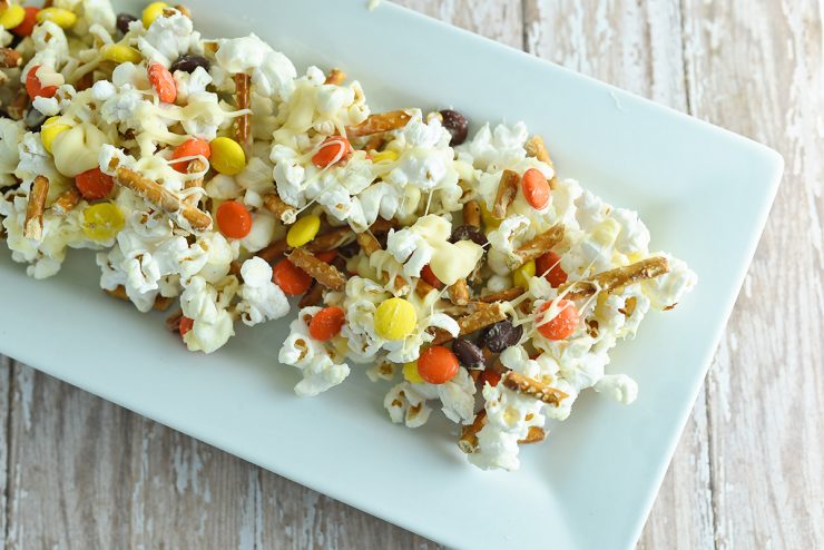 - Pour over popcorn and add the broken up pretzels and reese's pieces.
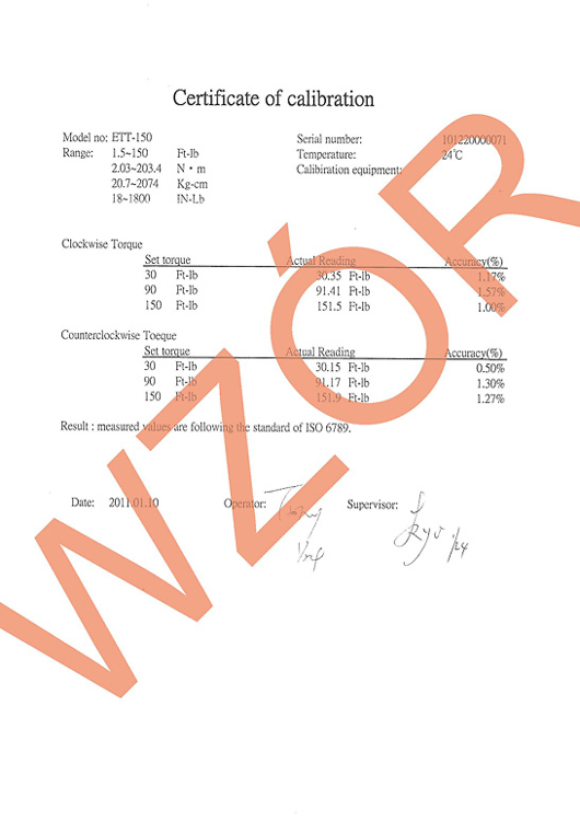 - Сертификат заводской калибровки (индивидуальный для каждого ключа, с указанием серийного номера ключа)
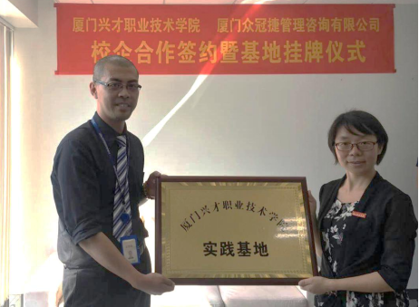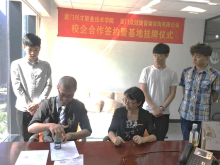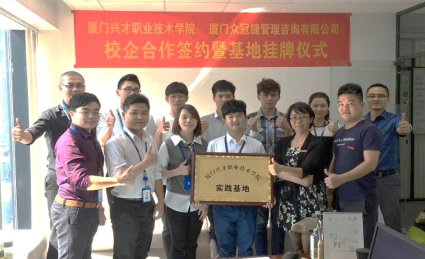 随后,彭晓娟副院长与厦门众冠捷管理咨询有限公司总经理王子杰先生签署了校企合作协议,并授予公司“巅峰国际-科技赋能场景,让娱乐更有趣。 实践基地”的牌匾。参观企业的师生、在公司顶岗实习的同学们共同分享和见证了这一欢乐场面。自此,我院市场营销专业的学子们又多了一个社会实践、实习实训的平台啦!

--

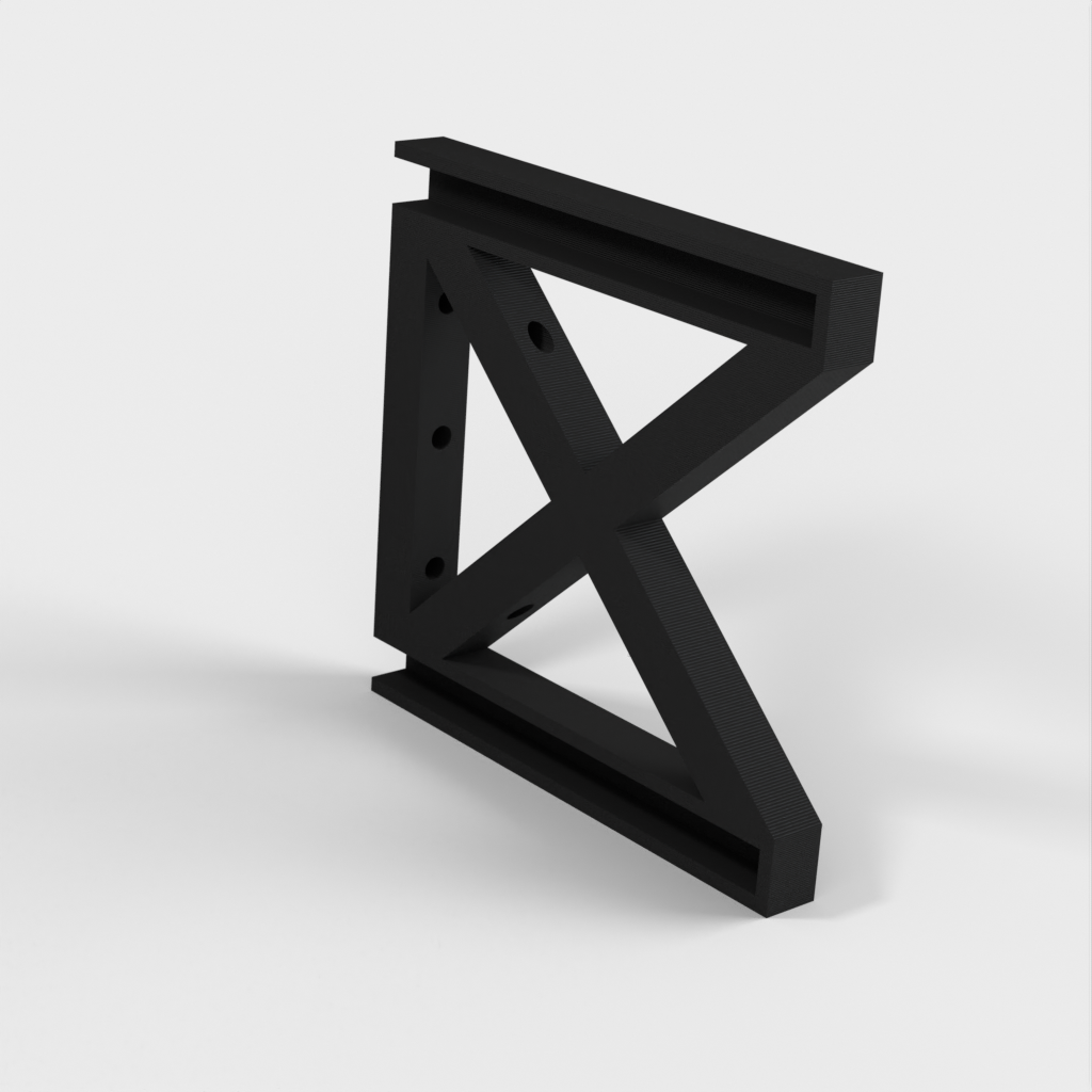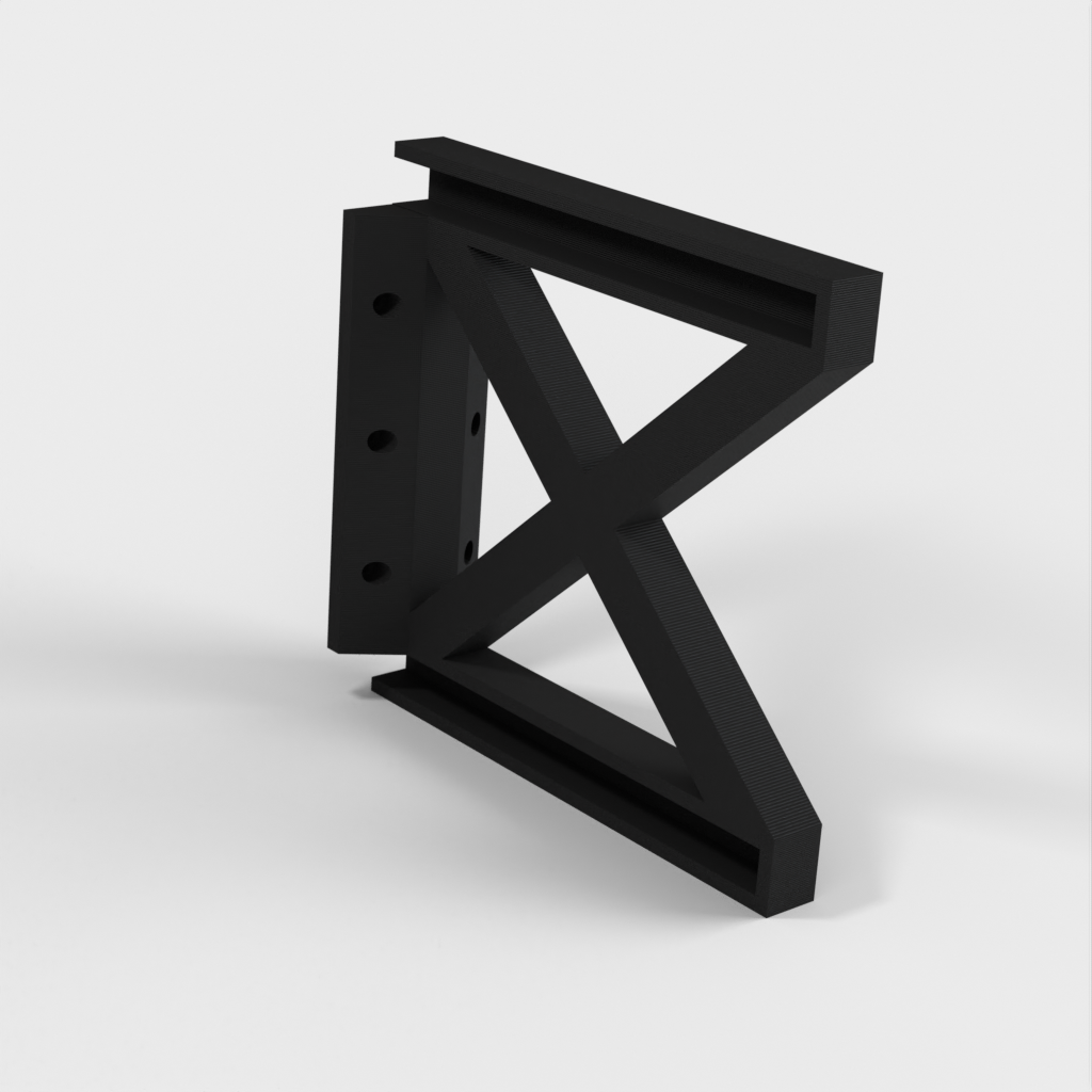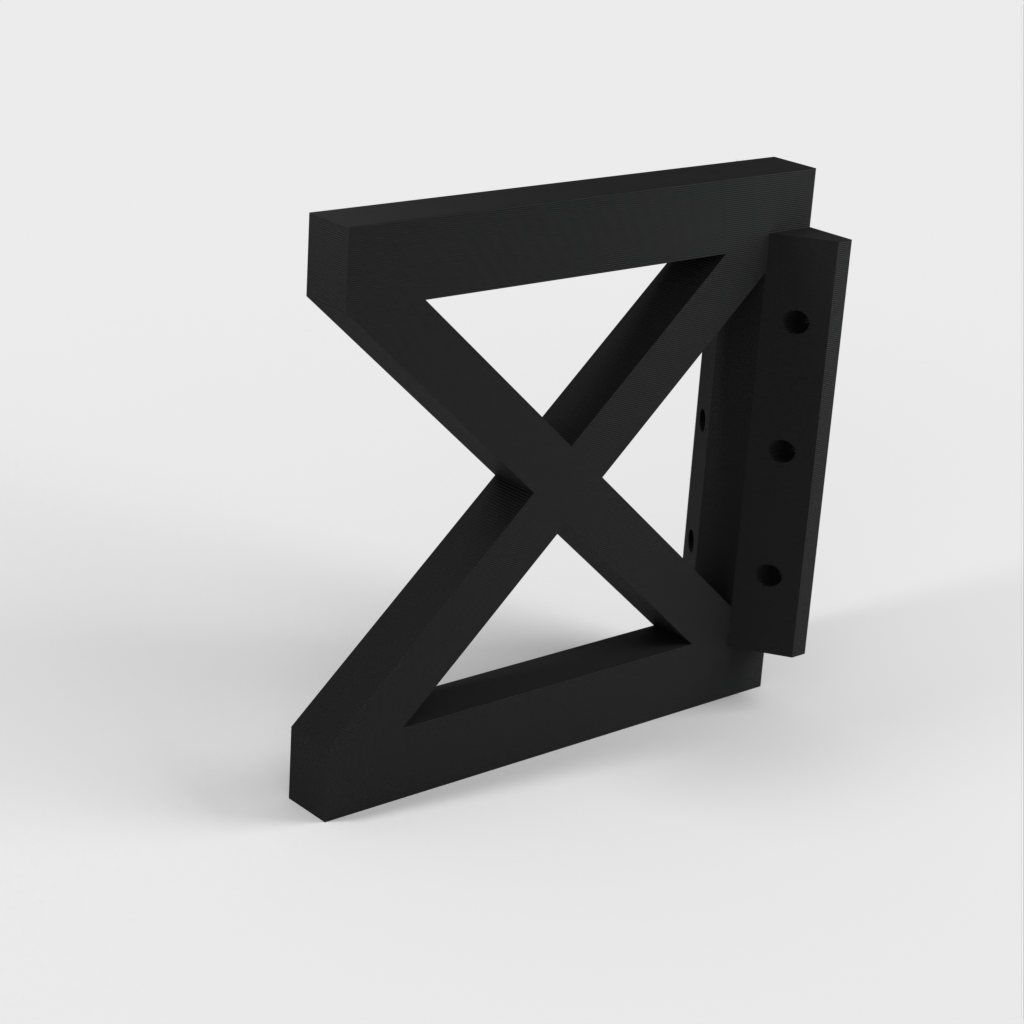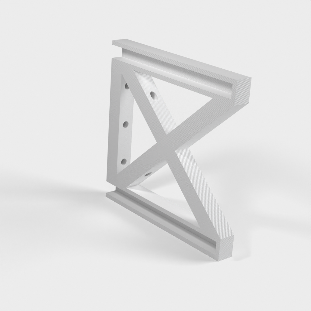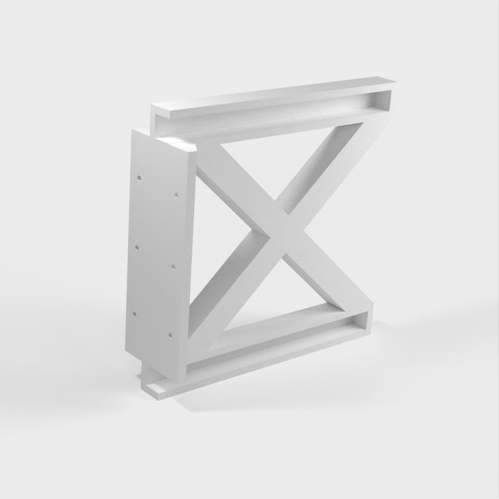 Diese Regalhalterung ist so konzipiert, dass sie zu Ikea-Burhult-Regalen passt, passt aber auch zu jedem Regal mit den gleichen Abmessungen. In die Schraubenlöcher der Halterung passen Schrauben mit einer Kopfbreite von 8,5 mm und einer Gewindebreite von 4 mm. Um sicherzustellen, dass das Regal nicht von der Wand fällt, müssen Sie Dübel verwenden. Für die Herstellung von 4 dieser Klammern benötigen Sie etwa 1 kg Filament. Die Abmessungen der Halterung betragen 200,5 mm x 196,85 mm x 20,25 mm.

→ Problem
In the data above, find the line containing "- Сертификат заводской" and the line containing "随后,彭晓娟副院长与厦门众冠". Copy exactly the stretch from the first through the second, both included, leaving out any picture.

→ Response to this task
 - Сертификат заводской калибровки (индивидуальный для каждого ключа, с указанием серийного номера ключа)
 随后,彭晓娟副院长与厦门众冠捷管理咨询有限公司总经理王子杰先生签署了校企合作协议,并授予公司“巅峰国际-科技赋能场景,让娱乐更有趣。 实践基地”的牌匾。参观企业的师生、在公司顶岗实习的同学们共同分享和见证了这一欢乐场面。自此,我院市场营销专业的学子们又多了一个社会实践、实习实训的平台啦!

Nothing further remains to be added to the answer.